The research team focused on PCSK9, a protein that plays a central role in regulating levels of low-density lipoprotein cholesterol (LDL-C), often called “bad” cholesterol. They designed a method to block the production of this protein using specialized DNA-based molecules known as polypurine hairpins (PPRH). By suppressing PCSK9, the treatment helps cells absorb more cholesterol, reducing the amount circulating in the blood and limiting buildup in the arteries. Importantly, this approach may avoid the side effects commonly linked to statin medications.

The findings were published in the journal Biochemical Pharmacology. The study was led by Carles J. Ciudad and Verònica Noé from the University of Barcelona’s Faculty of Pharmacy and Food Sciences and the Institute of Nanoscience and Nanotechnology (IN2UB), working with Nathalie Pamir at the University of Oregon in Portland (United States). Funding came from the Spanish Ministry of Science, Innovation and Universities (MICINN) and the National Institutes of Health (NIH) in the United States.

How Polypurine Hairpins Block a Key Cholesterol Protein

PCSK9 (protein convertase subtilisin/kexin type 9) has become an important target in recent years for therapies aimed at lowering cholesterol and reducing cardiovascular risk. The protein works by attaching to LDL receptors on cells, limiting their ability to remove cholesterol from the bloodstream. When PCSK9 levels are high, fewer receptors are available, causing LDL cholesterol to accumulate in the blood.

Polypurine hairpins (PPRHs) offer a way to interrupt this process at the genetic level. These molecules are short strands of DNA that can bind very precisely to specific DNA or RNA sequences and block gene activity. In this case, PPRHs prevent the PCSK9 gene from being transcribed, which leads to an increase in LDLR receptor levels and improves the body’s ability to pull cholesterol out of circulation. As a result, overall cholesterol levels drop and the risk of plaque formation is reduced.

The study describes for the first time how two specific PPRHs, called HpE9 and HpE12, reduce both PCSK9 RNA and protein while boosting LDL receptor levels.

“Specifically, one of the arms of each chain of the HpE9 and HpE12 polypurines binds specifically to polypyrimidine sequences of exons 9 and 12 of PCSK9, respectively, via Watson-Crick bonds,” notes Professor Carles J. Ciudad, from the Department of Biochemistry and Physiology. This interaction blocks gene transcription and interferes with the activity of RNA polymerase or transcription factors.

Strong Results in Cells and Animal Models

The researchers tested the therapy in laboratory-grown liver cells and in transgenic mice that carry the human PCSK9 gene. The results were significant.
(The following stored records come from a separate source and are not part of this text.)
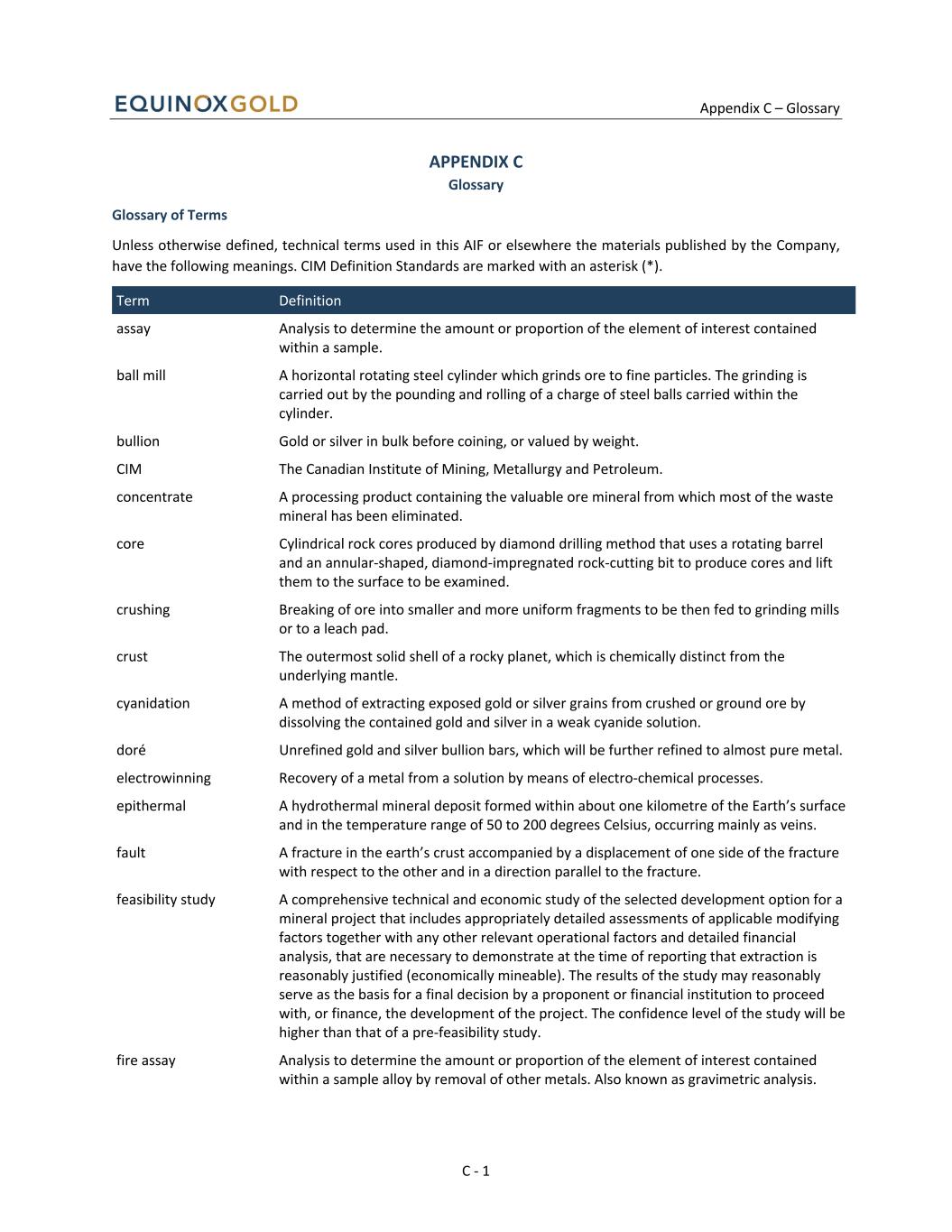 Appendix C – Glossary C - 1 APPENDIX C Glossary Glossary of Terms Unless otherwise defined, technical terms used in this AIF or elsewhere the materials published by the Company, have the following meanings. CIM Definition Standards are marked with an asterisk (*). Term Definition assay Analysis to determine the amount or proportion of the element of interest contained within a sample. ball mill A horizontal rotating steel cylinder which grinds ore to fine particles. The grinding is carried out by the pounding and rolling of a charge of steel balls carried within the cylinder. bullion Gold or silver in bulk before coining, or valued by weight. CIM The Canadian Institute of Mining, Metallurgy and Petroleum. concentrate A processing product containing the valuable ore mineral from which most of the waste mineral has been eliminated. core Cylindrical rock cores produced by diamond drilling method that uses a rotating barrel and an annular-shaped, diamond-impregnated rock-cutting bit to produce cores and lift them to the surface to be examined. crushing Breaking of ore into smaller and more uniform fragments to be then fed to grinding mills or to a leach pad. crust The outermost solid shell of a rocky planet, which is chemically distinct from the underlying mantle. cyanidation A method of extracting exposed gold or silver grains from crushed or ground ore by dissolving the contained gold and silver in a weak cyanide solution. doré Unrefined gold and silver bullion bars, which will be further refined to almost pure metal. electrowinning Recovery of a metal from a solution by means of electro-chemical processes. epithermal A hydrothermal mineral deposit formed within about one kilometre of the Earth’s surface and in the temperature range of 50 to 200 degrees Celsius, occurring mainly as veins. fault A fracture in the earth’s crust accompanied by a displacement of one side of the fracture with respect to the other and in a direction parallel to the fracture. feasibility study A comprehensive technical and economic study of the selected development option for a mineral project that includes appropriately detailed assessments of applicable modifying factors together with any other relevant operational factors and detailed financial analysis, that are necessary to demonstrate at the time of reporting that extraction is reasonably justified (economically mineable). The results of the study may reasonably serve as the basis for a final decision by a proponent or financial institution to proceed with, or finance, the development of the project. The confidence level of the study will be higher than that of a pre-feasibility study. fire assay Analysis to determine the amount or proportion of the element of interest contained within a sample alloy by removal of other metals. Also known as gravimetric analysis.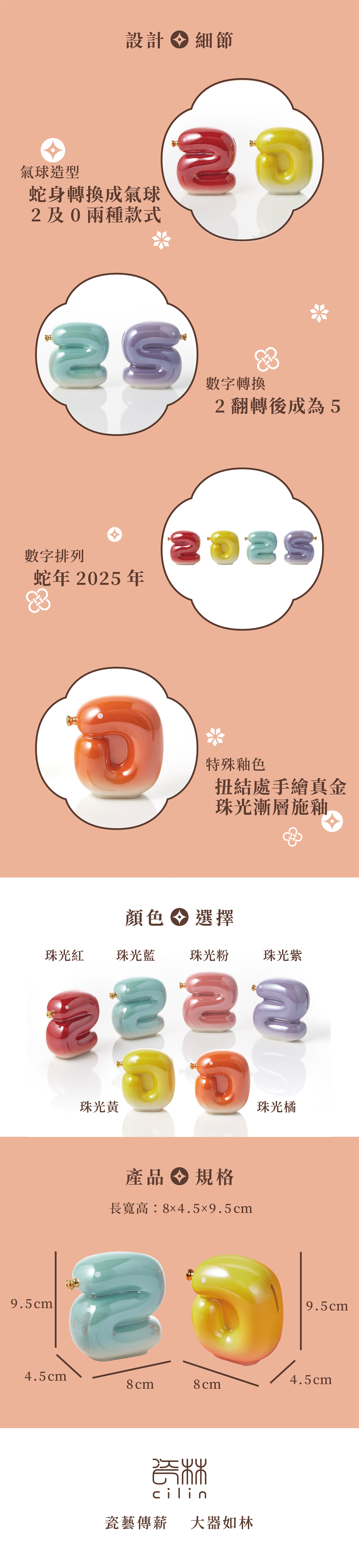 融合蛇的優雅與長條氣球的百變造型,將之轉化為數字,2與5巧妙共用,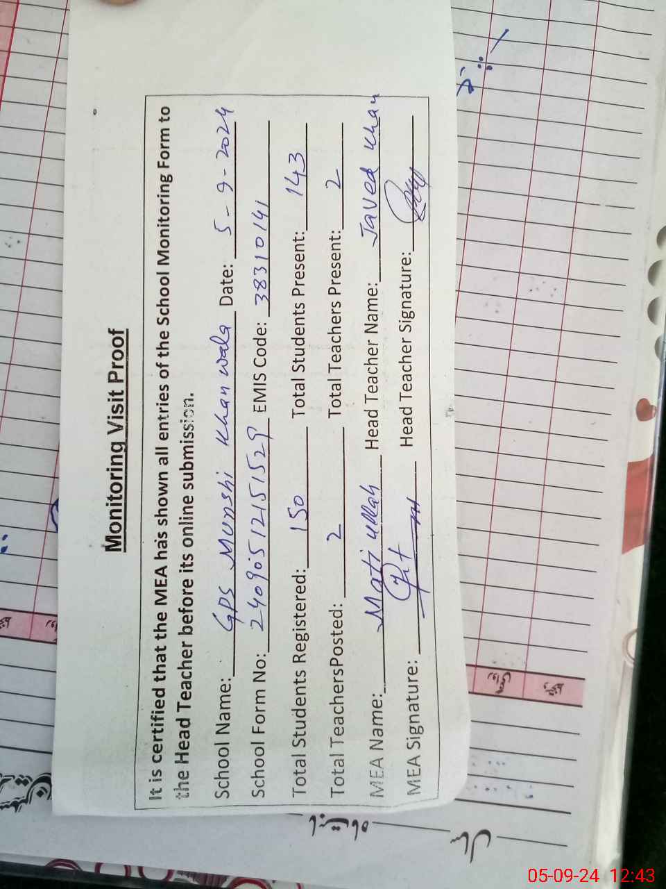| EMIS Code: 38310141 | Name of School: GPS MUNSHI KHAN WALA JALAL PUR PO KALABAGH | |||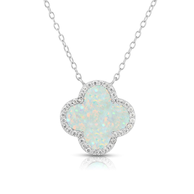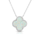 Designer-inspired clover opal pendant with white sapphire accents for added radiance. Effortless style worn alone or layered; Sterling silver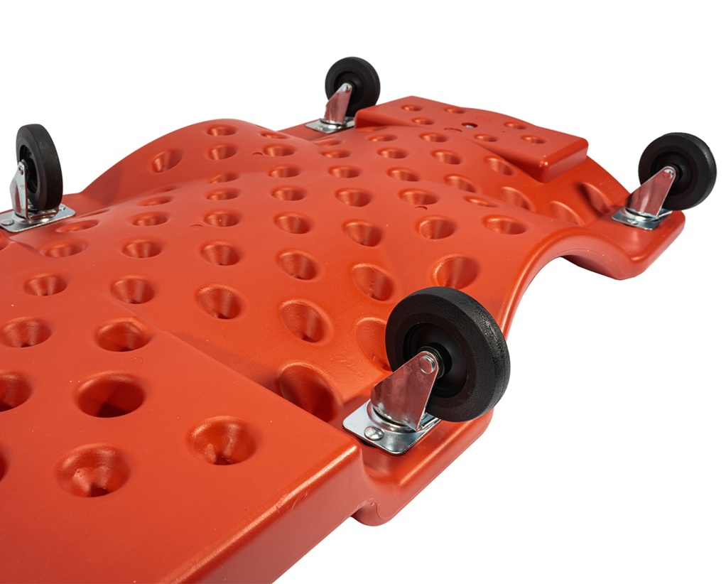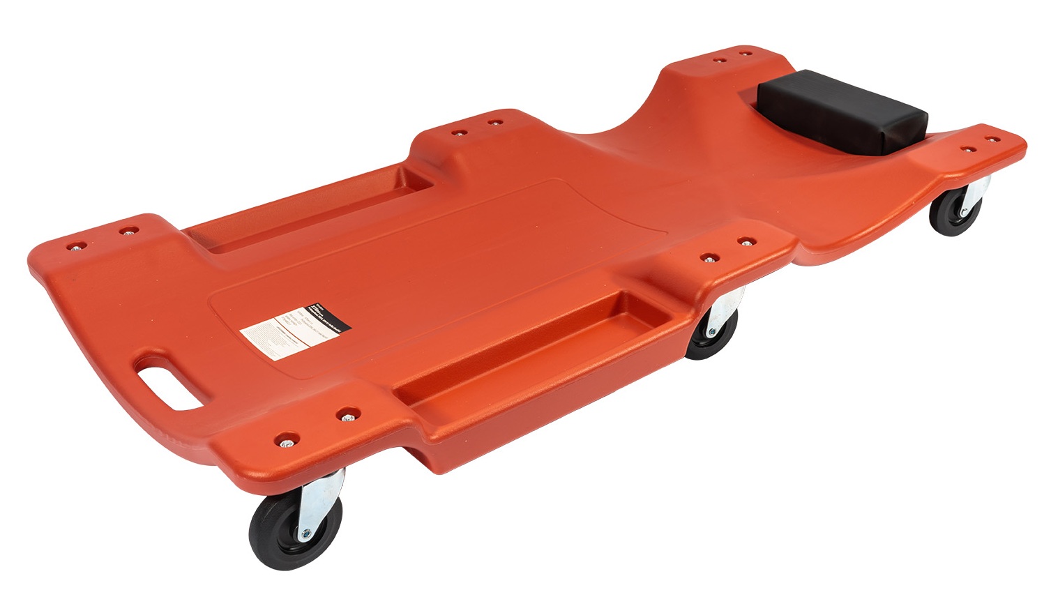 Lehké tvarované plastové lehátko pod auto s polstrováním pod hlavu.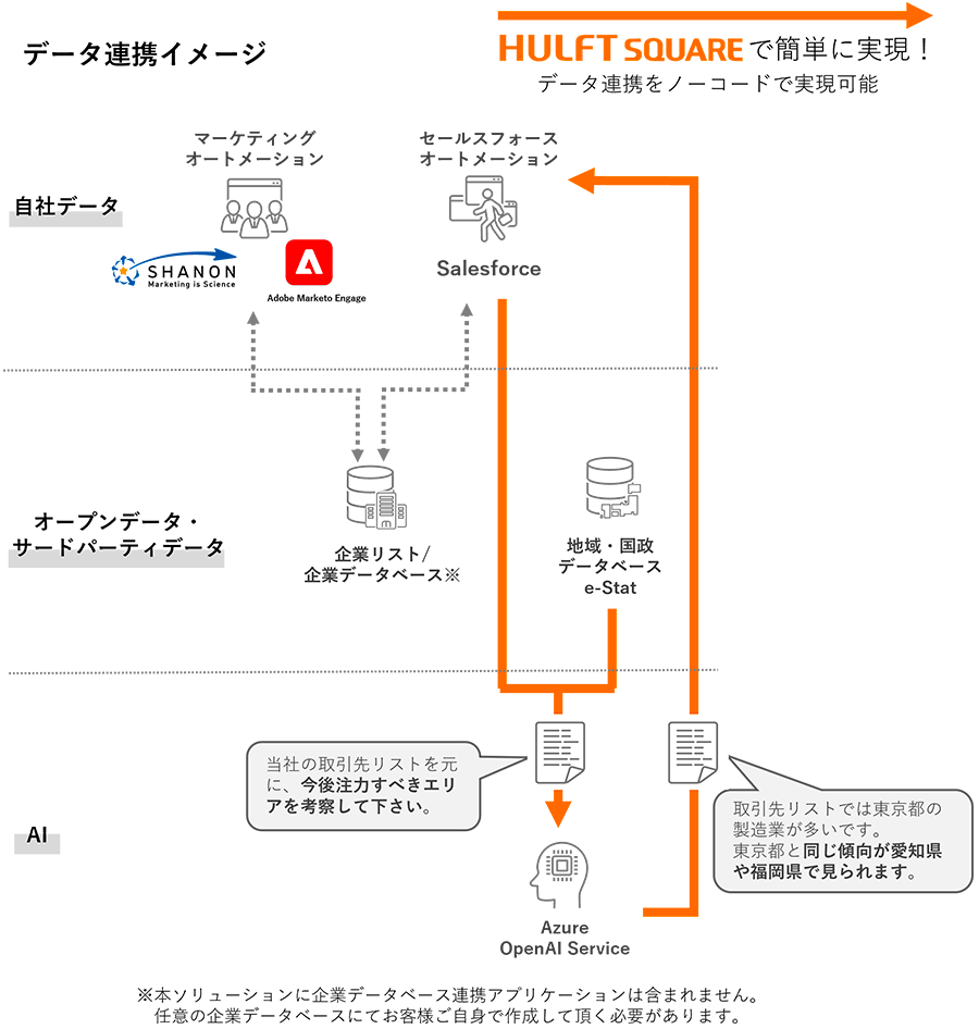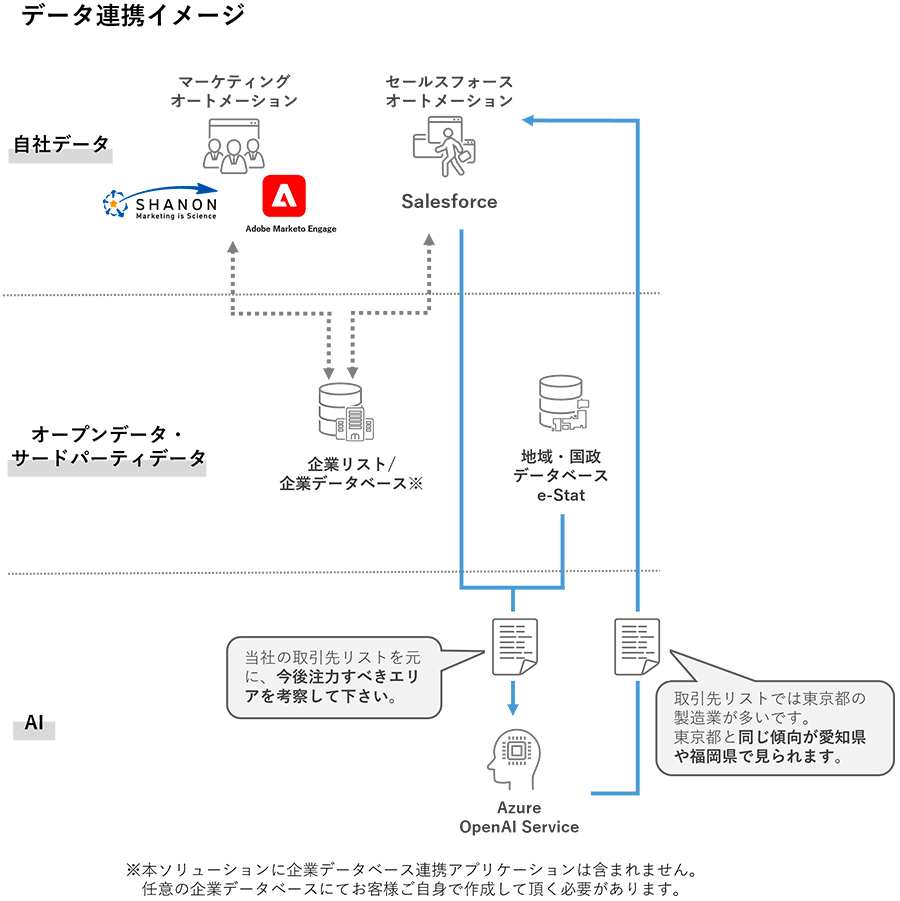 Furthermore, the system combines business partner information with e-Stat government statistical data and sends the results to the Azure OpenAI Service along with a prompt. For example, you can send and use the prompt below, or give instructions to the Azure OpenAI Service in any way you like.

“The results show that both HpE9 and HpE12 are highly effective in HepG2 cells. HpE12 decreases PCSK9 RNA levels by 74% and protein levels by 87%. In the case of transgenic mice, a single injection of HpE12 reduces plasma PCSK9 levels by 50% and cholesterol levels by 47% on the third day,” says Professor Verònica Noé.

A Potential Alternative to Statins

Since PCSK9 has become a major target for cholesterol-lowering therapies, several approaches have been developed to block its effects. These include gene-silencing technologies such as siRNAs, antisense oligonucleotides, and CRISPR-based methods. Existing treatments like Inclisiran, an siRNA therapy, and monoclonal antibodies such as evolocumab and alirocumab are already in use.

However, PPRHs may offer unique advantages. “PPRHs, especially HpE12, are therapeutic oligonucleotides with many advantages, including low cost of synthesis, stability and lack of immunogenicity. In addition, such a PPRH-based approach against PCSK9 would not lead to side effects such as the myopathies associated with statin therapy,” the experts conclude.

If confirmed in further studies, this new strategy could provide a safer and more targeted way to lower cholesterol and reduce the risk of heart disease.